1/ To support the basic facilities that users and developers familiar
with mainstream software on other platforms will expect to find in a
Linux alternative: the ability to take a synth plugin with a cute GUI
and to direct MIDI (from e.g. a sequencer track) to it, automate its
controls, and route the output appropriately.  Note that there is an
emphasis on MIDI throughout this discussion.

2/ To address certain specific limitations of other methods of running
MIDI soft synths on Linux.  These limitations are discussed below.

3/ To take advantage of existing work as much as possible.


Existing Techniques
-------------------

There are of course ways to run MIDI soft synths on Linux already, as
well as some other initiatives that address parts of the same problem
as this one.

* ALSA sequencer input + JACK output (the "standalone soft synth")

Most existing Linux soft synths operate as standalone applications
that wait for MIDI events on an ALSA sequencer port and generate audio
to JACK outputs.  This is an attractively flexible solution, because
such applications are by definition routeable in the same way as any
other MIDI devices and JACK clients.  For some synths, particularly
larger ones with significant amounts of internal configuration state,
this may actually be a very effective way to work.

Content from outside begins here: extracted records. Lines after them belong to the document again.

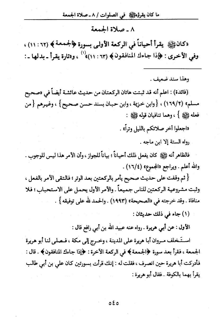 " كان صَلَّى اللَّهُ عَلَيْهِ وَسَلَّمَ يقرأ أحياناً في الركعة الأولى بسورة {الجُمُعَة} (62: 11) ،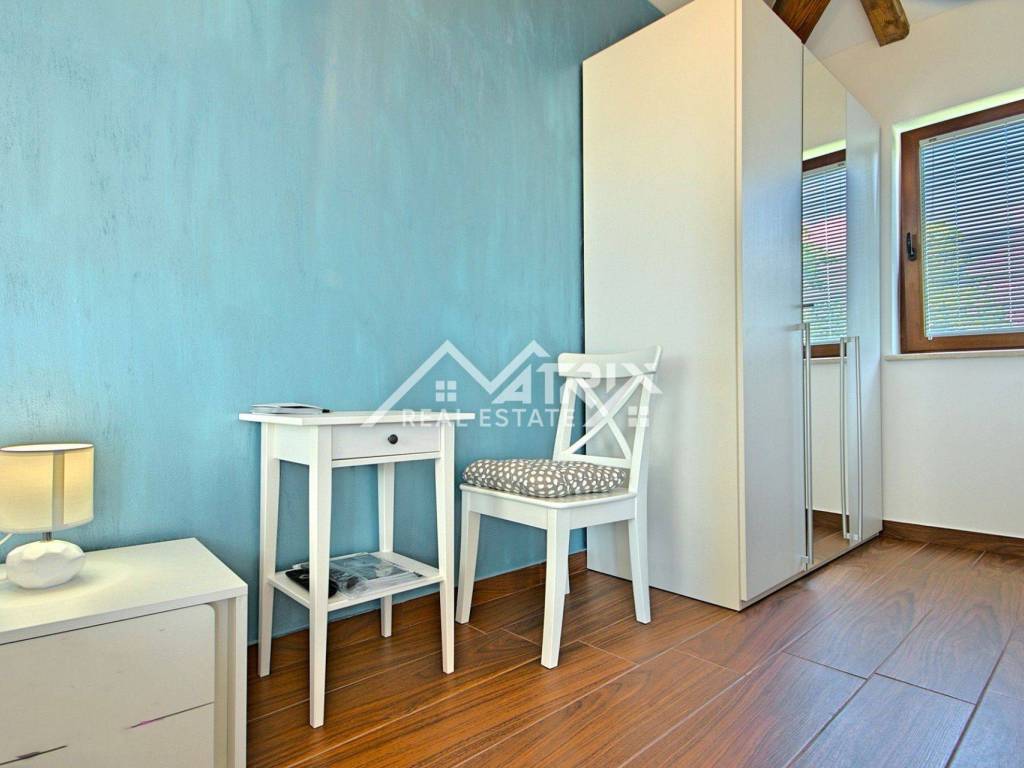 Prostrani dnevni boravak u prizemlju očarava otvorenim konceptom s modernom kuhinjom i udobnom blagovaonicom, stvarajući savršen prostor za druženje. Dvije spavaće sobe na istom katu nude privatnost i udobnost, svaka s vlastitom kupaonicom. Na katu se nalazi još jedna spavaća soba s kupaonicom, jacuzziem, garderobom te terasom s prekrasnim pogledom.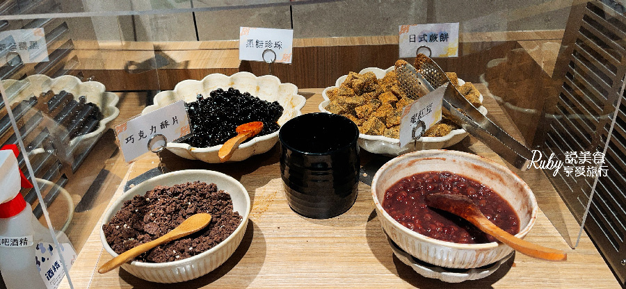 配料有巧克力酥片、黑糖珍珠、蜜紅豆和日式蕨餅,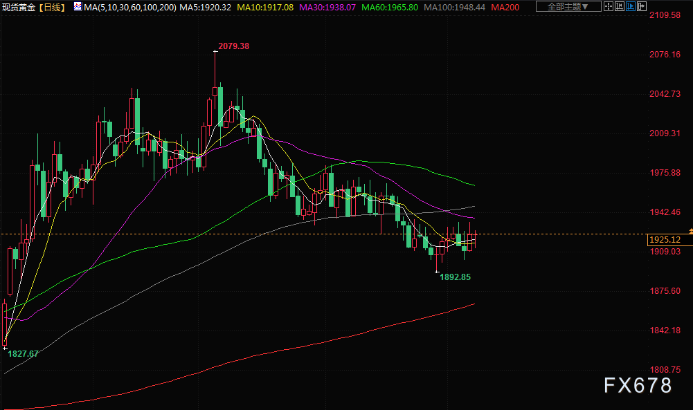 Kitco高级分析师JimWyckoff表示:“从技术图表上看,金价在1900美元得到了一些强有力的支撑。如果通胀持续高热不退,金价可能跌破该水平,或将迅速跌至1,848美元的水平。”

Unfortunately routing only the MIDI and audio streams is not usually
enough, especially for smaller dedicated synths.  The applications
wanting to route to a synth need more information about it than is
actually available in this way.  For example, it is impossible to
identify that an ALSA application is in fact a synth, or discover its
available programs or controller settings; there is no reliable way to
associate the synth's inputs with its outputs in order to route both
ends at once; and it is extremely hard to manage multiple instances.
Also the use of the ALSA sequencer layer to deliver incoming events
means that they can't be timed to exact sample frames.  All of these
are limitations which the present proposal needs to address.

* LADSPA

The existing Linux plugin standard can't easily be used for MIDI soft
synths, because there is no way to pass MIDI or MIDI-like data to a
plugin.  (A plugin could open its own ALSA sequencer input, but that
is complex and carries the same timing limitation as discussed above.)
There is also no toolkit-agnostic standard way to provide a user
interface with a LADSPA plugin.

* MIDI-over-JACK

An extension has been proposed to the JACK framework to permit MIDI
events to be sent via JACK.  If used to drive a conventional soft
synth, this would fully address the timing problem that exists in the
ALSA sequencer method, but not any of its other limitations.

* LASH (formerly LADCCA)

The LASH Audio Session Handler, formerly known as Linux Audio
Developers' Connection and Configuration API, is a service that
performs session management for projects using audio applications: it
starts the applications corresponding to a given project, connects
their MIDI and audio connections, coordinates saving of project data,
and so on.  (The applications have to be written to use the LASH
service.)  This could be used to address some of the problems in the
ALSA sequencer method, specifically those related to managing
connections for instances that have already been positioned in a
connection graph.  LASH could be used with MIDI-over-JACK, thus also
solving the timing problem.  Unfortunately none of this addresses the
problem of discovering synths and the available configurations of
those synths in the first place.

* M.E.S.S.

The MusE sequencer has an API for hosting soft synths, known as
M.E.S.S.  It is probably the closest alternative to the present
proposal, it addresses many of the same problems, it is working now,
and it is an attractively small API.  Unfortunately it is unlikely to
be popular as a standard for Linux audio plugins, simply because it is
in C++ and requires Qt for plugin GUIs.

* VSTi

Mentioned for completeness.  The licensing for the VST SDK is not at
all compatible with the GPL or any other free-software license, which
is one reason why LADSPA exists.  Also VSTi is complex to implement
correctly, hard to automate, and in the context of a Linux GUI toolkit
it would not readily solve the GUI problem.  The attractiveness of the
fact that there are many plugins already available is diminished by
the fact that their source is usually not, so they can't be rebuilt
for Linux except by their authors.


The DSSI Proposal In Brief
--------------------------

* Define a DSSI plugin as a wrapper for a LADSPA plugin, which is to
  be used for all control and audio data.  (Thus taking advantage of
  the existing widespread awareness of how LADSPA works, as well as
  functioning mechanisms for handling controls, instantiation etc.)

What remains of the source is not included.